The Fighting Hawks’ Grant Mismash streaked into the slot and took a pass Kawaguchi, which he was able to kick to himself before batting it past Miami goalie Ryan Larkin just 17 seconds later.

Scheel was pulled after the first period.

North Dakota tied it at three when Kawaguchi ripped a one-timer from the side of the net on feed from Matt Kiersted on a two-man advantage with 12:37 left in the middle stanza.

It remained a 3-3 game until the Fighting Hawks took their only lead with 4:08 left in regulation when Gavin Hain centered a pass to Cole Smith, who got behind the Miami defense and slid one past Larkin.

But North Dakota led for just 94 seconds, when Gilling had a slot blocked and it caromed to a wide-open Sladic, who backhanded it through traffic and into the side of the net on the power play.

The Fighting Hawks appeared to have taken the lead in the final seconds on a blue line shot that was deflected in the slot, but it was ruled that the puck was touched with a high stick and after review the call stood.

Miami went on the power play late in the 5-on-5 overtime but could not convert, as the game was officially ruled a tie.

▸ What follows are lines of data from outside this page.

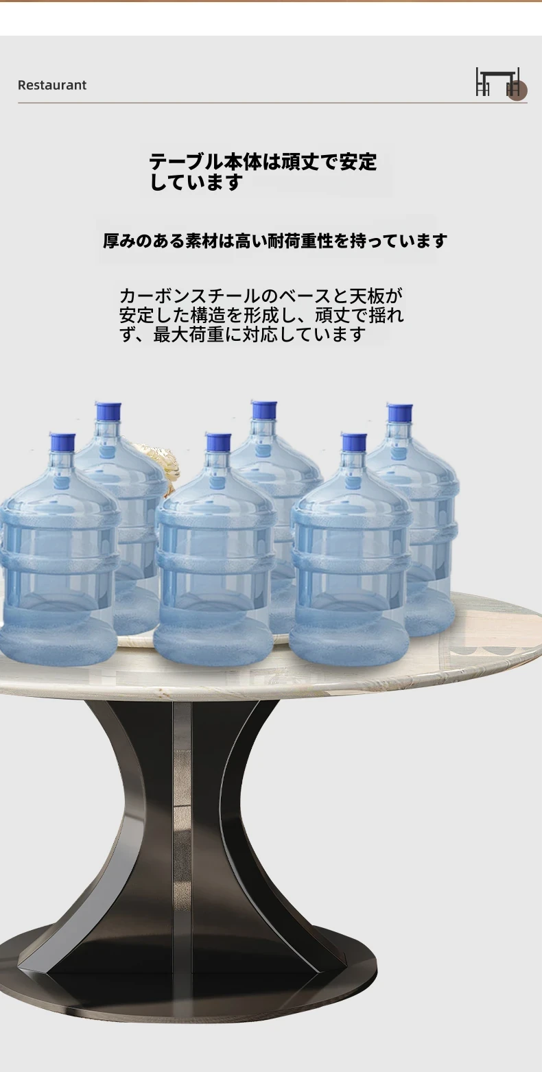 「高級感漂うイタリアンスタイルの天然大理石製ラウンドテーブル - インポート・カリアイスジュエル。洗練されたデザインで、特別な食卓を演出します。あなたのインテリアに華を添える一品です。」
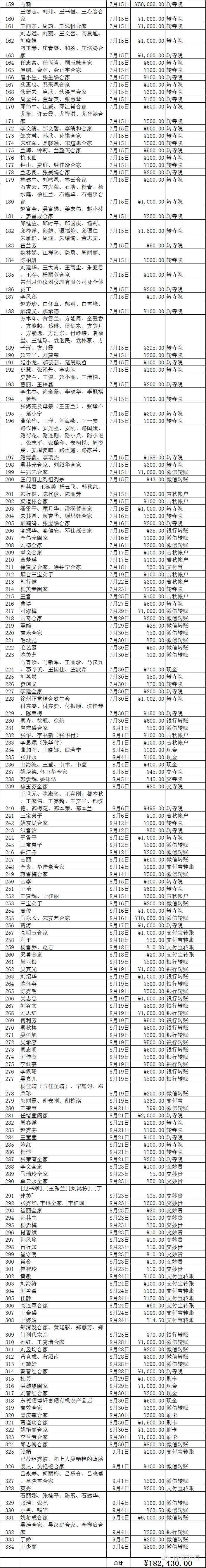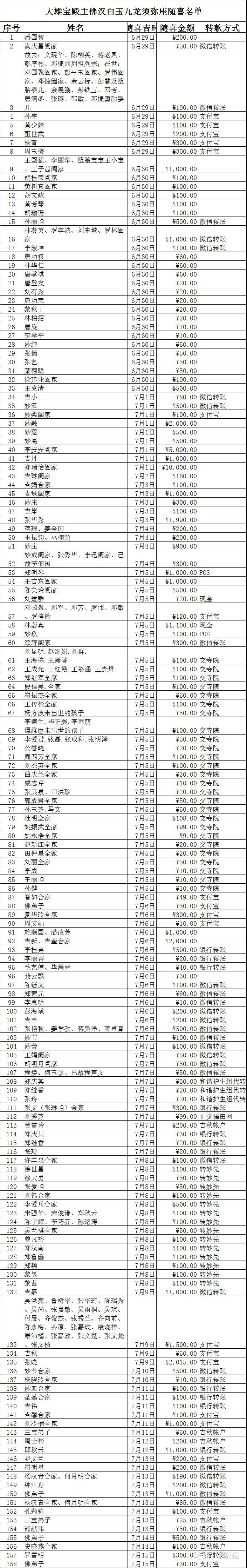 现已有师兄发心供养明细:王春清5万元;徐锡英5万元;李永亮1万元;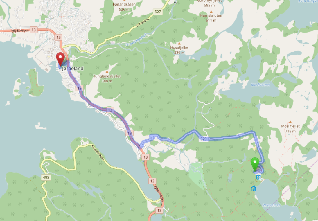 Da der Tag dann doch lang war, sind wir nicht mehr weit gefahren, nur noch bis zum Hafen in Jørpeland. Dort auf der Kaimauer steht man sehr schön und ruhig.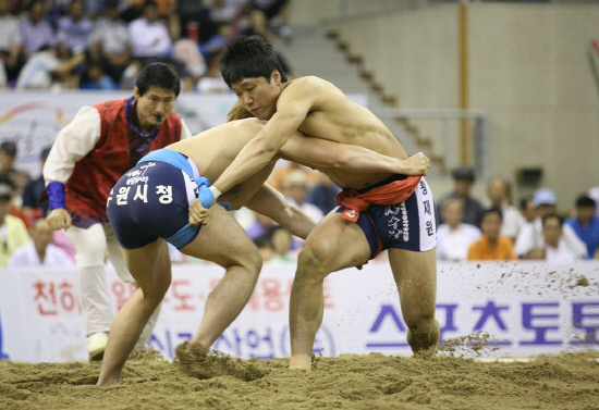 | ◇2012 청양단오장사씨름대회 금강장사결정전에서 임태혁(왼쪽)과 황재원이 치열한 경기를 펼치고 있다. 사진제공=대한씨름협회 |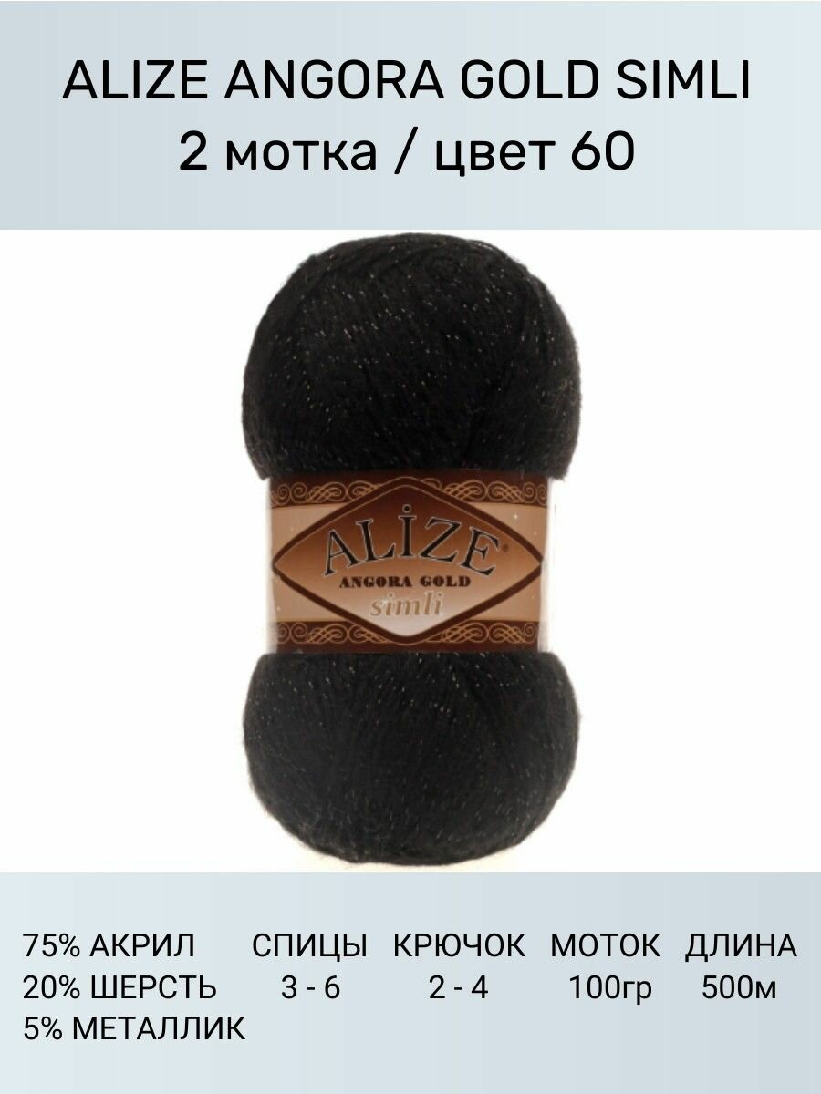 Пряжа Alize Angora Gold Simli (Ангора Голд Сим) 60 черный 20% шерсть, 5% металлик, 75% акрил 100г 500м 2шт информация: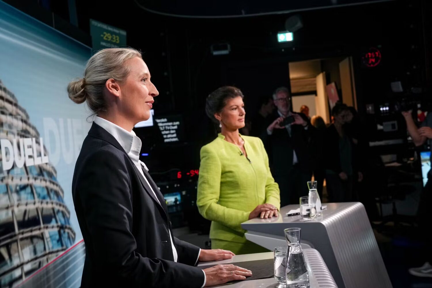 Лідерки ультраправої «Альтернативи для Німеччини» (АдН) Аліса Вайдель та ультралівого Альянсу Сари Вагенкнехт (АСВ) Сара Вагенкнехт під час теледебатів погодилися, що потрібно припинити військову підтримку України.

North Dakota had a man-advantage in the 3-on-3 session but also could not end it.

Mismash netted the decisive goal in the second round of the shootout, as the other three shooters for both teams failed to score.

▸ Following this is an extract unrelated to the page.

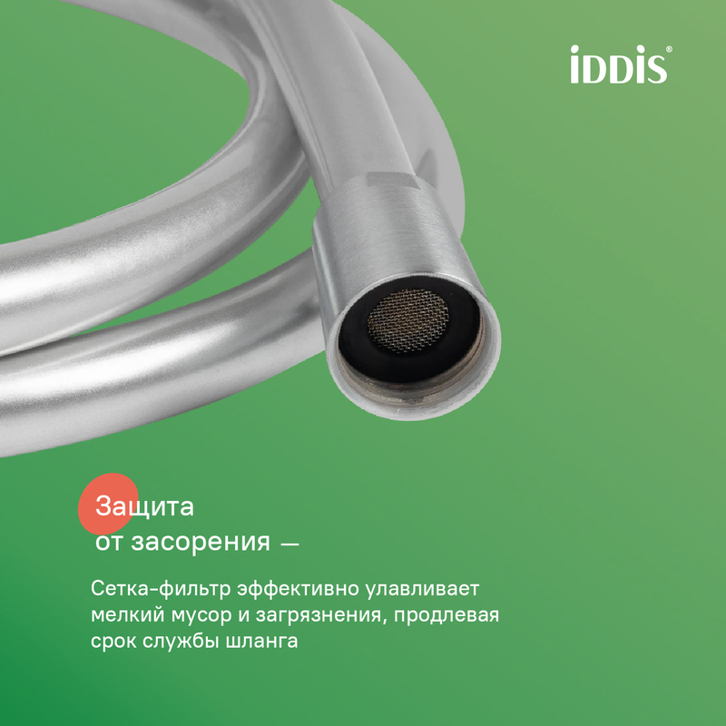 Стильный гладкий душевой шланг в оттенке матового хрома надежен и легко выдерживает активную ежедневную эксплуатацию. Универсальное соединение G ½” позволяет использовать с любой лейкой в тон. Стандартная длина 1,5 м. • Из гладкого ПВХ, не поцарапает деликатную поверхность акриловых ванн и поддонов. • Эластичный внутренний шланг из современного полимерного материала прочный, выдерживает растяжение и температурные перепады, не склонен к пересыханию и растрескиванию. • Специальное шарнирное соединение защищает шланг от перекручивания и обеспечивает комфортное использование. Можно не бояться изгибов и заломов. • Надежно сидит в держателе за счет резинового уплотнительного кольца на конической гайке. • Просто ухаживать: протирать салфеткой, можно с мягким моющим средством. Гарантия на душевые аксессуары IDDIS® – 3 года. (с) Авторский текст, сентябрь 2023 г.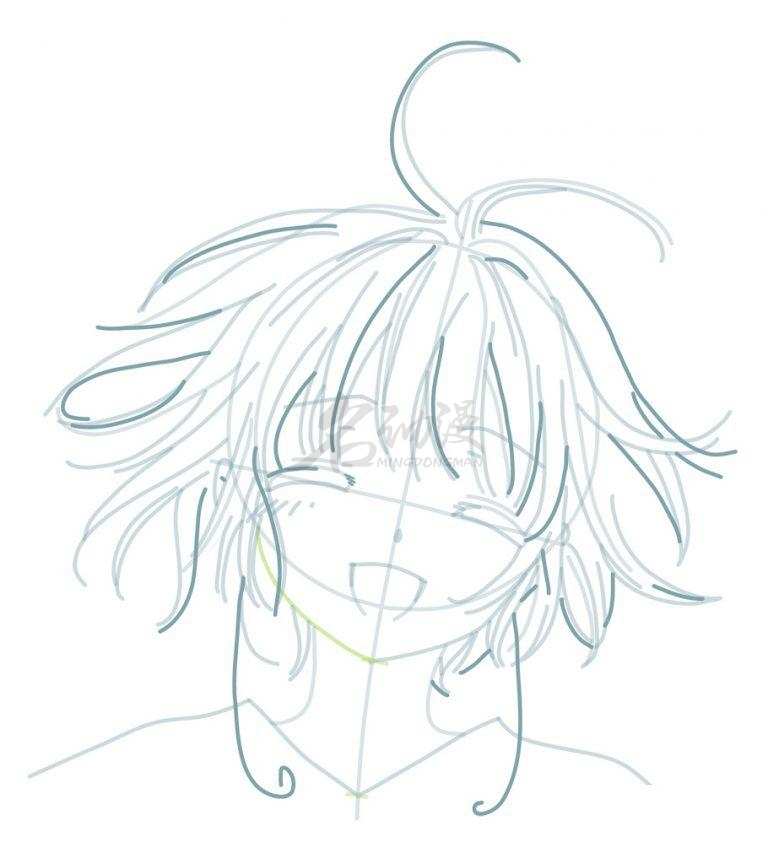 第三步:丰富头发细节,打造层次感,如下图深色线条部分,先将主要的发丝画出,然后完善衣领到脖子部分。到这里小樱的草稿就画好了。

STATS: Gilling and Bachman both set career highs with four points each.

Miami’s Casey Gilling (photo by Cathy Lachmann/VFTG).

Gilling ended the night with two goals and two assists, and Bachman racked up four helpers.

Gilling reached the 20-point mark, breaking his previous career high of 19 set last season, and Bachman is now the team leader in assists with 16.

— Sladic scored in his second straight game and is now tied for fourth on the team with six markers.

— Green’s goal gives him a team-best 10 for the season, and he recorded his 104th career point. That ties him with Justin Mercier and Andrew Miller for 49th on Miami’s all-time leaderboard.

THOUGHTS: It was the best start possible for Miami, scoring twice early and forcing UND to call time out in the second minute.

Predictably, the top-ranked team in Division I battled back and eventually took the lead, but the RedHawks didn’t give up, coming right back and knotting it at four just over a minute later.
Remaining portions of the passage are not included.